• **MATERIAL TO PROCESS**:

+ + + + + + +

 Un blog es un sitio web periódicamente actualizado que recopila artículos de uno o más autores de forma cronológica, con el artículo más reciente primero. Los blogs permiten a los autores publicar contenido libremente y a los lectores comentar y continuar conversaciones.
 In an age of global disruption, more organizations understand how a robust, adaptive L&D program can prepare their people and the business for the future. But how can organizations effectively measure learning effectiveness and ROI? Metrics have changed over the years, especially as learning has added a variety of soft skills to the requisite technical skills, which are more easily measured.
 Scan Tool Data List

+ + + + + + +

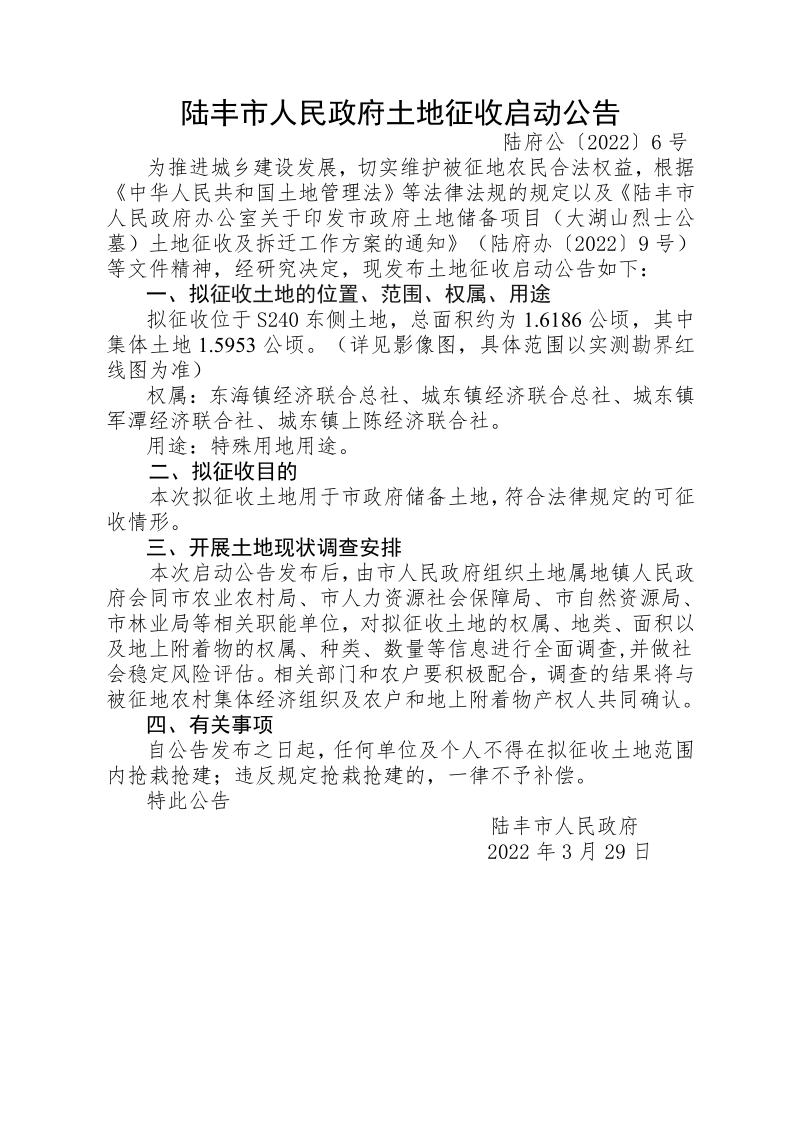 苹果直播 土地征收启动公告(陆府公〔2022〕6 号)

+ + + + + + +

• **PROBLEM REQUIREMENTS**: Among the lines above, find the one with "Un blog es un" and the one with "Scan Tool Data List". Quote both and everything between them, exactly.

• **ANSWER SECTION**:
 Un blog es un sitio web periódicamente actualizado que recopila artículos de uno o más autores de forma cronológica, con el artículo más reciente primero. Los blogs permiten a los autores publicar contenido libremente y a los lectores comentar y continuar conversaciones.
 In an age of global disruption, more organizations understand how a robust, adaptive L&D program can prepare their people and the business for the future. But how can organizations effectively measure learning effectiveness and ROI? Metrics have changed over the years, especially as learning has added a variety of soft skills to the requisite technical skills, which are more easily measured.
 Scan Tool Data List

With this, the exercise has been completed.